The province of Ontario did not exist prior to 1867. In 1841, the British government had merged Lower Canada and Upper Canada to form the Province of Canada. Twenty years later, in the negotiations leading to Confederation, the Canadians agreed from the start that the Province of Canada would be split into two separate provinces in the new federation. Each of the new provinces would need completely new constitutions, including legislatures, because the old Parliament of the Province of Canada would cease to exist.

The delegates at the Quebec Conference did not put a great deal of work into the constitutions of the provinces. Some of the delegates viewed the provinces as simply large municipalities, who would have much less power than the previous colonial provinces, while others thought they were continuations of the provinces. Ultimately, the delegates fell back on the well-known structure of the pre-Confederation models, based on the fundamental principle of responsible government.

Accordingly, the Legislature of Ontario created by section 69 of the Act resembled the pre-Confederation legislatures, but with one significant difference: it was unicameral, consisting of the elected Legislative Assembly and the appointed Lieutenant Governor of Ontario, the representative of the Crown.
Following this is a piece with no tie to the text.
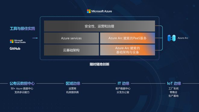在最初的混合云概念中,微软使用公共和私人云来共享数据和应用程序,创造一个一致的用户体验。 现在,混合云的概念逐渐扩展到更多场景,如边缘边缘、多云,微软还创新并实现了架构和操作系统完全统一。

The Assembly originally had 82 seats, the same as would be used the new federal House of Commons. The Legislative Assembly would also use the same electoral map as would be used in the House of Commons.

The unicameral legislature was the first in British North America. In the 1866 debates in the Legislative Assembly of the Province of Canada on the proposed constitution for the new province of Ontario, some of the members thought it a risky experiment, others saw it as a cost-saving measure. John A. Macdonald explained that it was sufficient to have a unicameral legislature for what he considered to be a "subordinate Legislature", in the nature of a municipal body.
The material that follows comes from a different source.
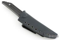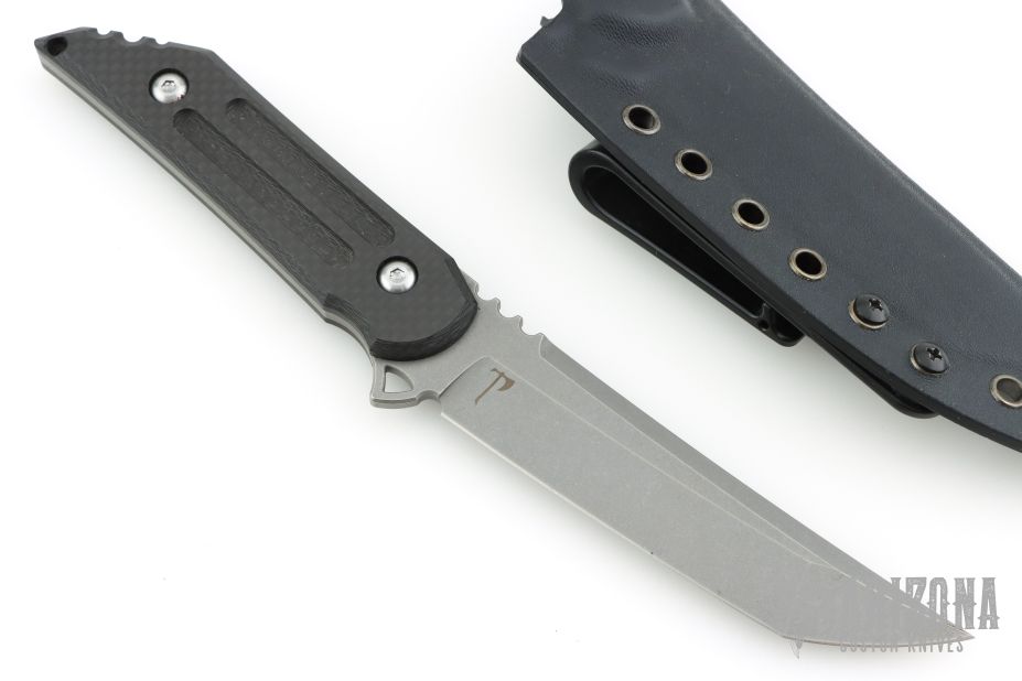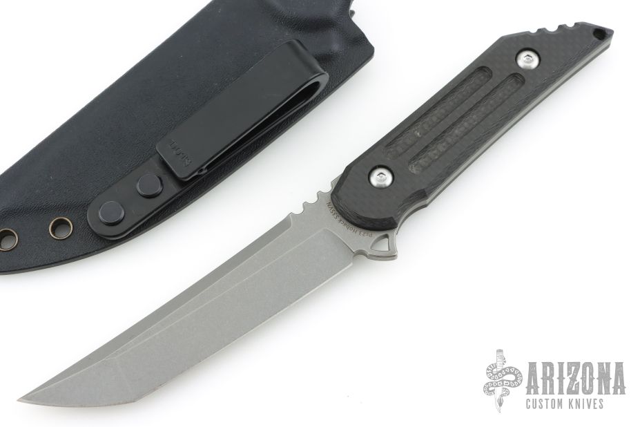 This Fixed Blade Kwaiback by Jake Hoback features a stonewashed tanto blade with notched thumbrest, .155" blade stock and 1.093" blade depth, full tang construction with carbon fiber scales. Comes with a kydex sheath. Excellent condition.

Not everyone agreed with the proposed legislature. On the one hand, George Brown agreed with Macdonald's conception of the local governments as being similar to large municipalities or counties. He suggested that the new province did not need a full-fledged parliamentary government, and suggested that their executive officers should be elected separately from the assembly, but did not press his proposal. On the other hand, one Conservative member from Canada West, John Hillyard Cameron, proposed that Ontario should have a bicameral legislature, but his motion was defeated (13–86).

The unicameral Ontario legislature was in contrast to the proposal for Quebec, which would have a bicameral legislature, with an appointed upper house. Nova Scotia and New Brunswick would retain their bicameral legislatures. All four legislatures would continue to operate under the principle of responsible government, with the government drawn from the elected legislative assemblies.
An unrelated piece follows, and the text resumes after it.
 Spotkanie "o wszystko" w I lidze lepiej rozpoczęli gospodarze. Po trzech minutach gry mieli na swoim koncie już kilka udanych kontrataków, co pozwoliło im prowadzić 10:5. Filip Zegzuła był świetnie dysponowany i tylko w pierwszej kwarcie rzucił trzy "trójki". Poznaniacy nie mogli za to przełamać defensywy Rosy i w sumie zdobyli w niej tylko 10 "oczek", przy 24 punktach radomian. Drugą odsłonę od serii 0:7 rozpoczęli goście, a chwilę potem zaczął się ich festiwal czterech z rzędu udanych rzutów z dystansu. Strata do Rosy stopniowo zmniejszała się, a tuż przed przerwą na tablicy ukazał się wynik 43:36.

==Related provisions of the Constitution Act, 1867==
Section 6 of the act split the Province of Canada into the two new provinces, Ontario and Quebec.

Section 70 of the Act provided that the Legislative Assembly would be composed of 82 members, using the electoral divisions set out in the First Schedule of the Constitution Act, 1867.

Section 81 of the Act provided that the Legislature was to be summoned no later than six months from the date the Constitution Act, 1867 came into force.

Section 82 of the Act provides that the Lieutenant Governor of Ontario has the power to summon the Legislative Assembly from time to time.

Section 83 of the Act prohibited individuals who hold provincial offices from sitting in the Legislative Assembly, other than the members of the Executive Council of Ontario.

Section 89 of the act provided the rules for the first provincial election, which was to be held at the same time as the first federal election.

Sections 92 to 95 of the Act set out the legislative authority of the provincial legislatures.